Tests show a strange behavior (c++14
, g++ 4.9.1
, clang 3.5.5
):
To sum it up:
B
provides no other constructors it can use A::A()
B
provides other constructors it cannot use A::A()
, but it uses A::A(whatever arguments)
, which is unexpected behavior (to me at least).Setup 1:
struct A {
A() {};
A(int) {}; // with or without this overload the result are the same
};
struct B : A {
using A::A;
};
B b0{}; // OK
Setup 2:
struct A {
A() {}; // with a default constructor instead (empty class A)
// the results are the same
};
struct B : A {
using A::A;
B(int){}
};
B b0{}; // no matching constructor
B b1{24}; // OK
Setup 3:
struct A {
A() {};
A(int) {};
};
struct B : A {
using A::A;
B(int, int){}
};
B b0{}; // no matching constructor
B b1{24}; // OK
B b2{24, 42}; // OK
Why is this happening and how can it be "fixed".
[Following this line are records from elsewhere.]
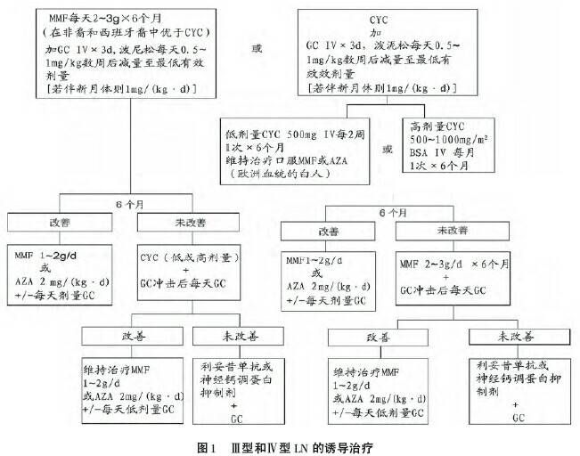 (MMF=霉酚酸酯;CYC=环磷酰胺(项目小组讨论针对想要保留生育能力的患者选择MMF优于CYC);GC=糖皮质激素;AZA=硫唑嘌呤)
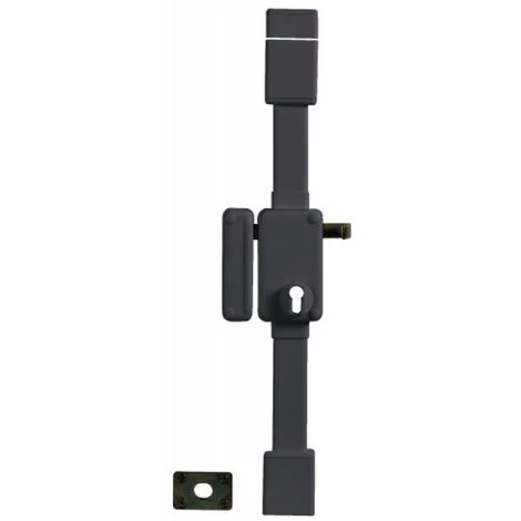 BoĂ®tier en acier embouti Ă©p. 20/10ème, tringle standard permettant une condamnation de porte de 1,65 m Ă 2,25 m. MĂ©canisme intĂ©rieur type Ă©querre permettant la manoeuvre du 1/2 tour avec la clĂ©, de l’intĂ©rieur comme de l’extĂ©rieur. PĂŞne dormant et 1/2 tour en laiton massif. PĂŞne haut et bas en acier ø 16 mm sur tringles tĂ©lescopiques en acier permettant un ajustement très prĂ©cis Ă la longueur dĂ©sirĂ©e et ne nĂ©cessitant aucune recoupe. Cache tringle, guides et gâches de pĂŞnes haut et bas en acier ne laissant apparaĂ®tre aucune vis de fixation. Finition : peinture Ă©poxy coloris marron foncĂ©.
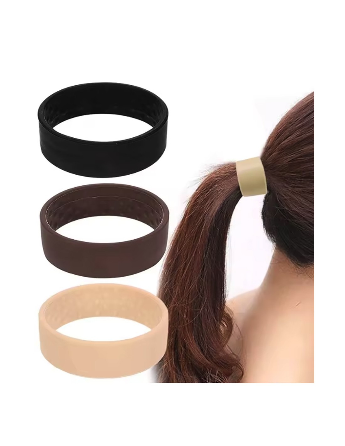 Le secret : un silicone antidérapant, doux au toucher, qui s’accroche légèrement à la cuticule pour empêcher les descentes de tension. Résultat : ta pony reste haute, plus ronde, plus « pleine », même si tu n’as pas beaucoup de volume naturellement. L’élastique est sans métal, limite la casse et les marques, et se retire sans arracher.
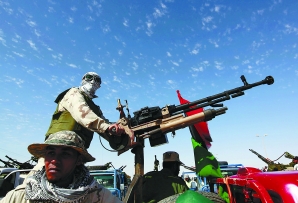 | 利比亚反政府武装人员在艾季达比耶附近地区站在一辆卡车上操纵高射机枪。 新华社发 |
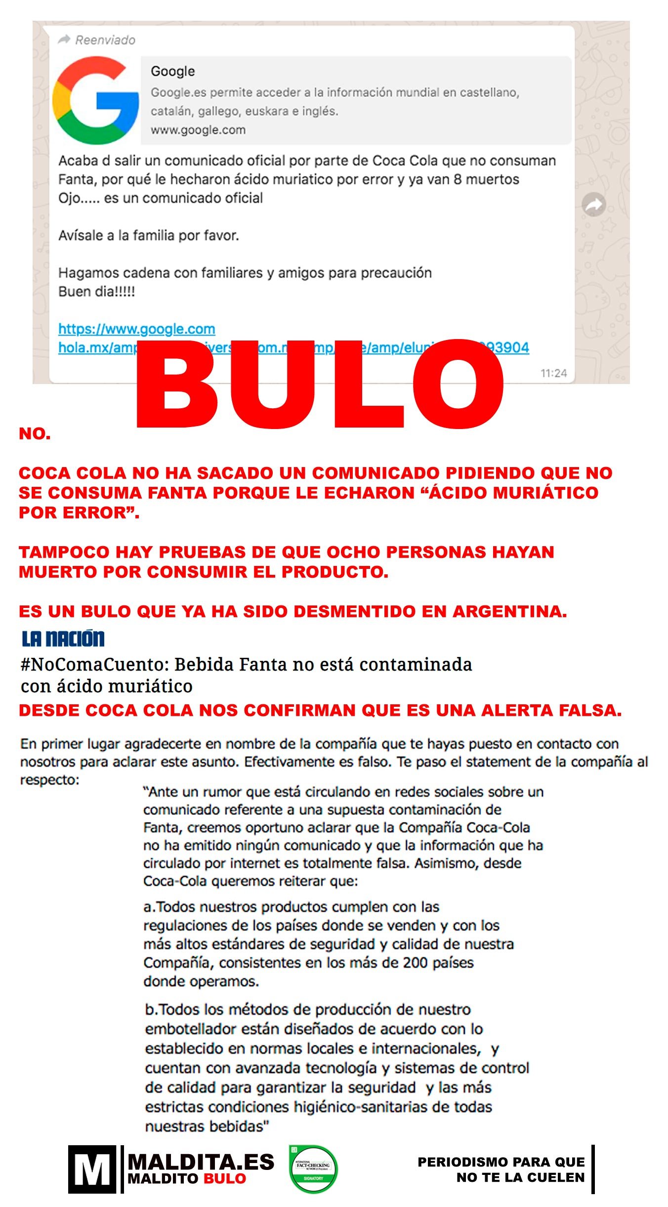 «[T] No, Coca Cola no ha sacado un comunicado pidiendo que no se consuma Fanta porque le echaron "ácido muriático por error"»
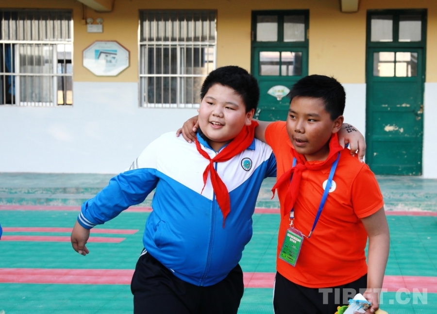 圖為西藏阿里噶爾縣孔繁森小學(xué)的孩子們在山東聊城堂邑鎮(zhèn)中心小學(xué)開展聯(lián)誼活動 攝影:劉莉
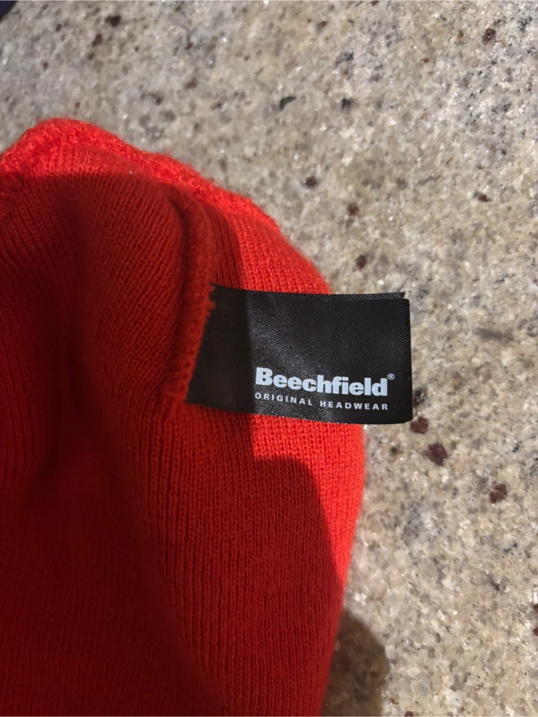 This is a red beanie from Beechfield Original Headwear. It's made of a knit material. It's suitable for keeping your head warm.
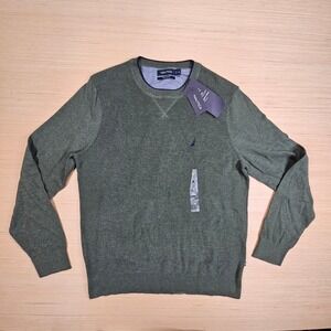 Nautica Navtech Sweater Mens M Green Pullover Crewneck Ribbed Cotton Blend NEW
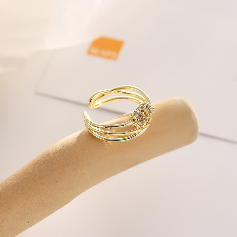 十字欧米ins金メッキ多層クロスボーダー重工小衆ファッション高級感指輪調節可能なアクセサリー女
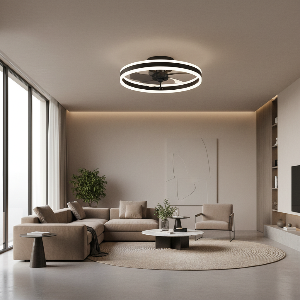 Ce ventilateur de plafond lumineux est conçu pour une performance optimale et une intégration discrète. Doté d'un moteur DC silencieux, il assure une ventilation puissante sans nuisance sonore. Ses pales en ABS, discrètement rétractables, se déploient pour un rafraîchissement ciblé et se replient pour une esthétique épurée. L'éclairage LED ajustable propose trois températures de couleur (3000K, 4500K, 6500K) pour s'adapter à chaque moment de la journée, le tout contrôlable via télécommande ou application mobile.- Ventilation puissante et silencieuse grâce au moteur DC.
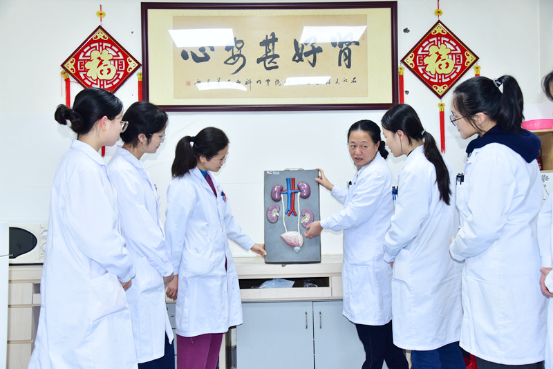 “全国卫生健康系统先进工作者”获得者、右医附院肾内科主任王洁教授(右三)在指导医学生精准识别肾脏结构。
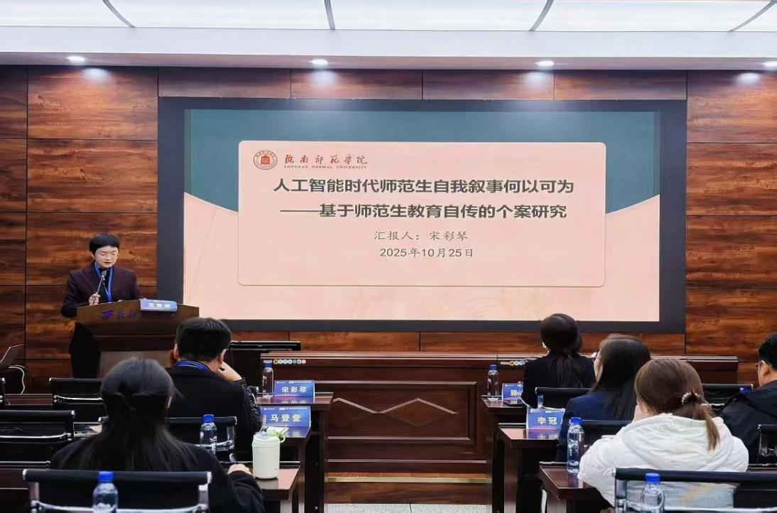 在本次论坛中,宋彩琴院长主持“AI驱动的个性化学习与教师数字素养”分论坛,并在分论坛中发表以《人工智能时代师范生自我叙事何以可为——基于师范生教育自传的个案研究》为主题的报告。她从师范生教育自传切入,深入剖析人工智能时代师范生如何构建自我叙事,为师范生在智能时代的专业成长与身份认同提供了全新视角,其研究的创新性与实践价值引发了参会专家学者的广泛关注与热烈讨论。
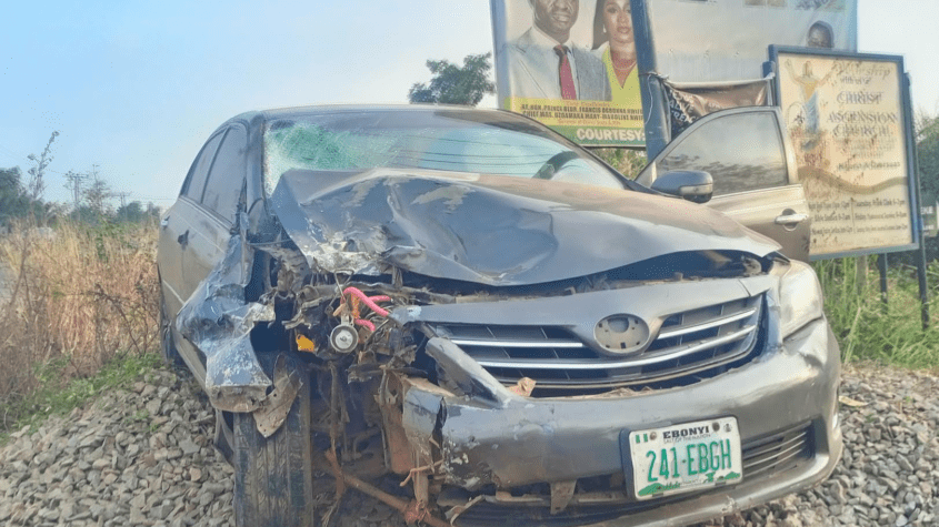 The accident, which occurred around 7:40 a.m. along the Obegu-Aba/Ogbaga Road, left the community in shock as residents woke up to the sight of the mangled motorcycle and a damaged metallic Corolla with registration number 241-EBGH.

I can't tell you the rationale for this, but I can at least tell you that it is standard-mandated:
[C++11: 12.9/3]
: For each non-template constructor in the candidate set of inherited constructors other than a constructor having no parameters or a copy/move constructor having a single parameter, a constructor is implicitly declared with the same constructor characteristics unless there is a user-declared constructor with the same signature in the class where the using-declaration appears. [..]
Since the default B()
invokes the default A()
, you can "fix" it like this:
struct B : A
{
B() = default;
using A::A;
B(int, int){}
};
The following wording from the original proposal (n2540) suggests that this fix's ease and symmetry is more or less the driving factor behind the decision, though I still find that to be somewhat unsatisfactory. Oh well.
Copy and default constructors are not forwarded, deferring to the existing rules for implicitly declaring copy/default constructors.